A Visão do Ministério da Saúde
Gisele Andrade, superintendente substituta do Ministério da Saúde no Amazonas, destacou que a homenagem é um reconhecimento essencial tanto às vítimas quanto aos profissionais de saúde que se expuseram ao perigo para salvar vidas. “Essa data é uma forma de lembrar tudo o que passamos. É uma homenagem às vítimas, suas famílias e aos profissionais da saúde que arriscaram suas vidas para ajudar o próximo”, declarou Gisele.
Criticas e Reflexões Sobre a Gestão Anterior
A sanção da lei que institui o Dia Nacional em Memória das Vítimas da Covid-19 foi acompanhada de críticas ao governo anterior, que estava sob a liderança de Jair Bolsonaro durante os momentos mais críticos da pandemia.
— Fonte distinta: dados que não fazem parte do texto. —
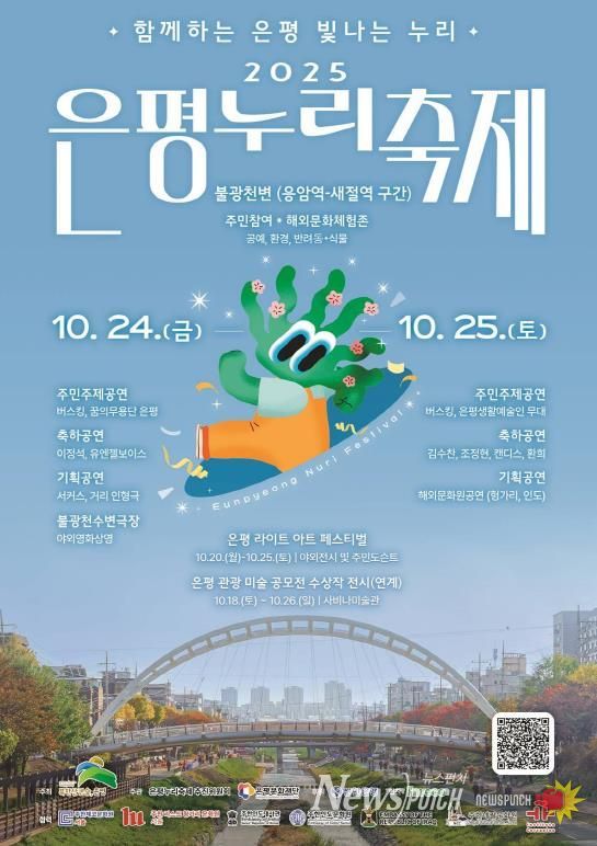 뉴스펀치 김완규 기자 | 서울 은평구는 오는 24일부터 25일까지 불광천 변 일대에서 은평문화재단 주관으로 ‘2025 은평누리축제’를 개최한다고 밝혔다.
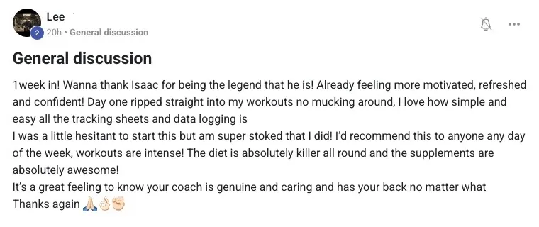 It varies but we work with blokes to get the fat off fast, it's not uncommon for the guys we coach to drop 10-15kg in their first 12 weeks if they apply themselves 100%
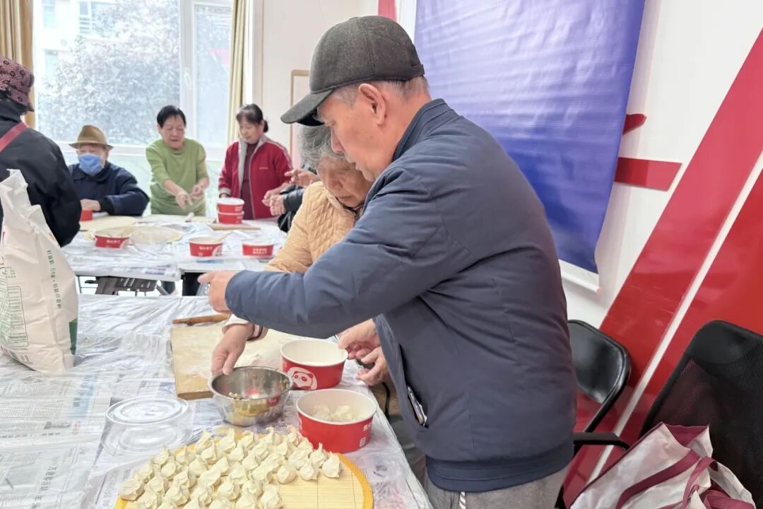 居民们熟稔地揉着面团,指尖下压、旋转间,面团很快被擀成薄厚均匀的饺子皮,“擀皮要转着圈擀,边缘薄中间厚,煮的时候不容易破。”几位居民围坐包馅,有人捏出精巧的月牙褶,有人包成饱满的元宝形,遇到手法生疏的,身旁邻居立刻示范:“捏的时候拇指和食指要配合着往上提,这样褶子才好看。”社区工作人员则穿梭其间,帮着添馅料、递工具,还时不时拍下大家协作的温馨瞬间。
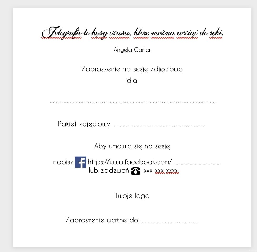 W środku zaproszenie zawierać będzie Twoje logo, dane. W cenie jest personalizacja pod kątem tego co proponujesz dla swoich klientów. W celu doprezycowania oczekiwań proszę o kontakt mailowy pracownia@sorte.pl
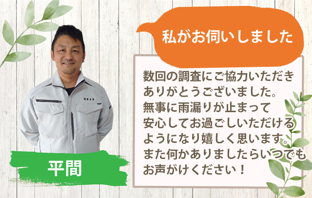 雨漏りを無事に修繕でき、お客様から嬉しい口コミをいただき、スタッフ一同感謝しております。
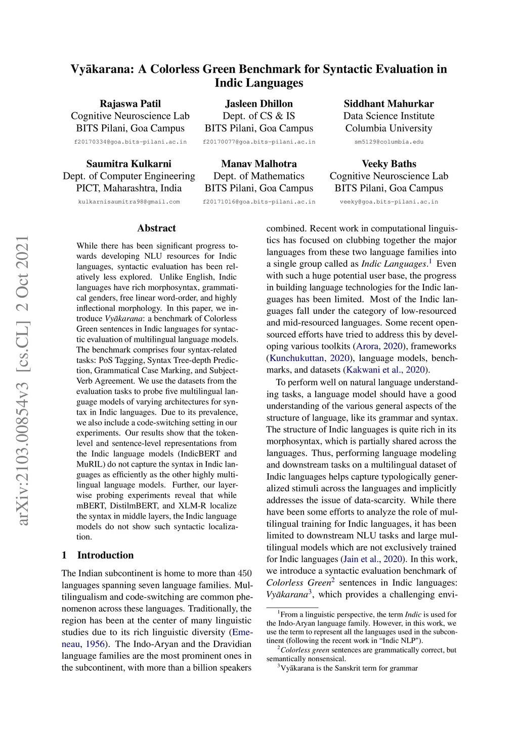 Vyākarana: A Colorless Green Benchmark for Syntactic Evaluation in
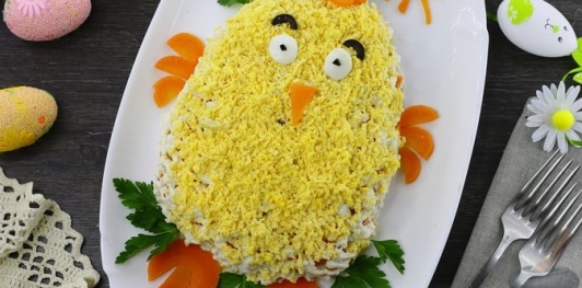 Салат «Пасхальный цыплёнок» — отличный способ добавить праздничного настроения без сложных техник и редких продуктов. В основе — нежное куриное филе, сладковатая морковь и мягкий обжаренный лук: сочетание простое, но гармоничное и любимое многими. А эффектное оформление в виде забавного цыплёнка превращает салат в настоящее украшение стола — особенно если за ним собирается семья с детьми.
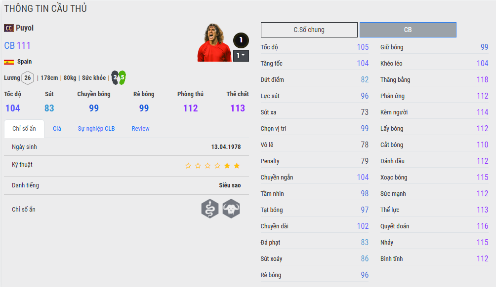 Puyol có thể không cao nhưng anh lại có thể hình đậm người, và đó là lý do để bạn có thể sử dụng anh ấy thoải mái ở gameplay hiện tại. Huyền thoại của Barcelona có được độ nhạy trong các tình huống phòng ngự một cách đáng kinh ngạc. Cho dù tốc độ và sải chân chưa bao giờ là lợi thế của Puyol nhưng tin tôi đi, sẽ rất khó để vượt qua được cầu thủ này.
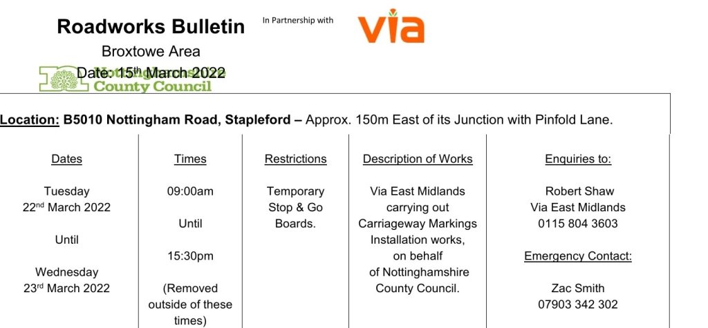 Roadworks Bulletin – Temporary Traffic Signals – B5010 Nottingham Road, Stapleford 15Mar 2022Add a comment Roadworks Bulletin – Temporary Traffic Signals – B5010 Nottingham Road, Stapleford Share this:Tweet Click to share on WhatsApp (Opens in new window) WhatsApp Click to email a link to a friend (Opens in new window) Email Like Loading... Related
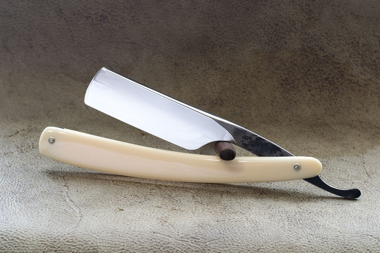 Опасная бритва, изготовленная из YSS – специальной стали Ясуки. Судя по всему бритва могла быть выполнена из стали aogami или shirogami (Голубая или белая стали соответственно) Бритва является качественным продуктом производства Японии середины 20 века, имеет отличную геометрию, ширину 6/8 и рукоять из желтого полупрозрачного пластика. Бритва заточена и готова к бритью, прекрасно подойдет новичку. Продано YSS Show
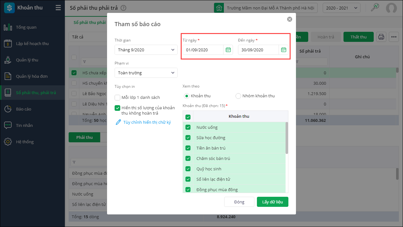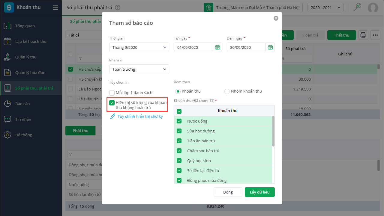 Lưu ý: Trường hợp không muốn hiển thị khoản thu không cần hoàn trả thì bỏ tích chọn Hiển thị số lượng khoản thu không hoàn trả
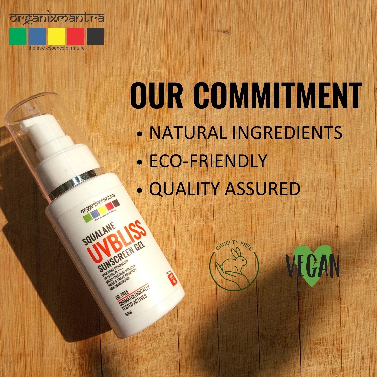 Squalane UV Bliss Sunscreen Gel offers a master blend of nature’s finest for skin protection and nourishment. Squalane, our star ingredient, is known to naturally shield against UV rays while hydrating the skin. Rose Water and Aloe Vera Gel have properties to soothe and refresh, ensuring your skin feels revitalized. Bamboo and Purslane Extracts are known to refine skin texture, while Shiitake Mushroom gives an anti-aging lift.
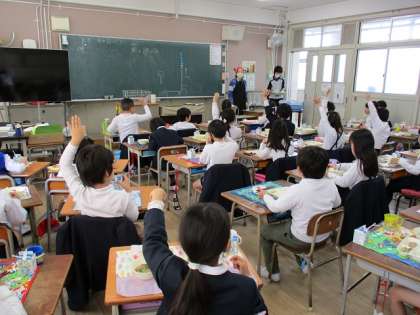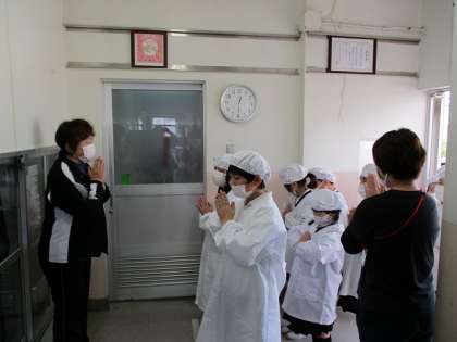 (給食室で手づくりしています。)
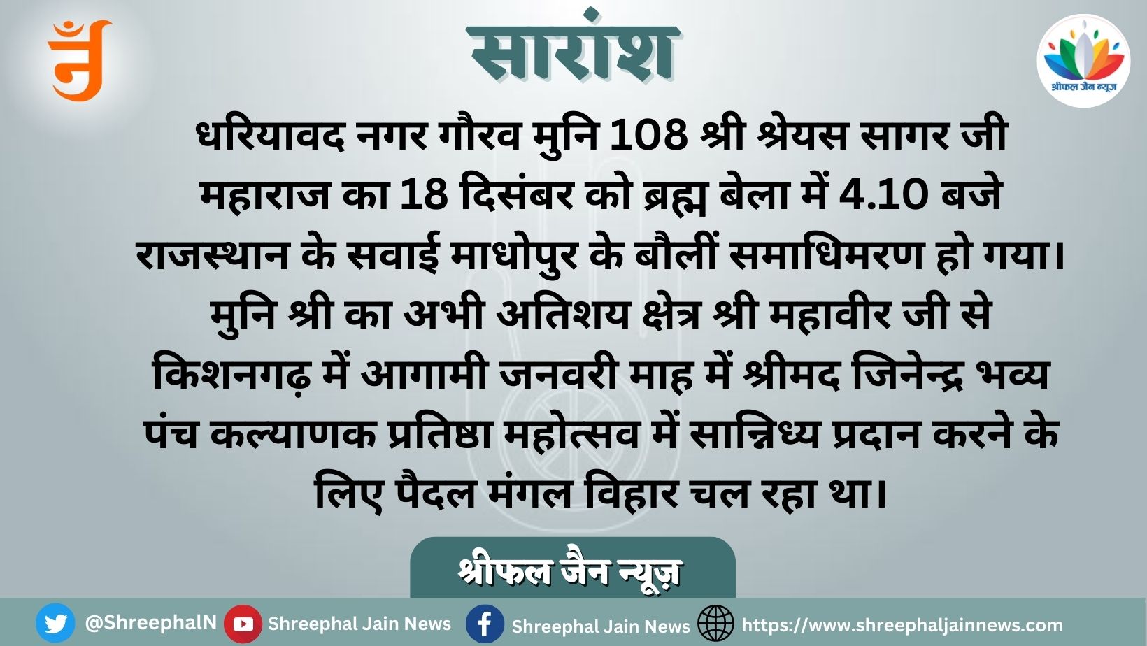 धरियावद (अशोक जेतावत)। दिगम्बर जैन आचार्य वात्सल्य वारिधि आचार्य 108 श्री वर्द्धमान सागर जी महाराज से दीक्षित एवं उनके संघस्थ धरियावद नगर गौरव मुनि 108 श्री श्रेयस सागर जी महाराज का 18 दिसंबर को ब्रह्म बेला में 4.10 बजे राजस्थान के सवाई माधोपुर के बौलीं समाधिमरण हो गया।

Lula, durante a cerimônia no Palácio do Planalto, ressaltou a importância de não deixar que a memória das vítimas caia no esquecimento, afirmando: “Se a gente não faz isso, cai no esquecimento. E é tudo que eles desejam, que caia no esquecimento. As pessoas que vivem de mentira não estão preocupadas com a verdade”.
A data de 12 de março foi escolhida por marcar a primeira morte registrada pela doença no Brasil, simbolizando o início de um momento que alterou a vida de milhões de brasileiros, e serve como um lembrete constante da necessidade de compaixão e responsabilidade em tempos de crise.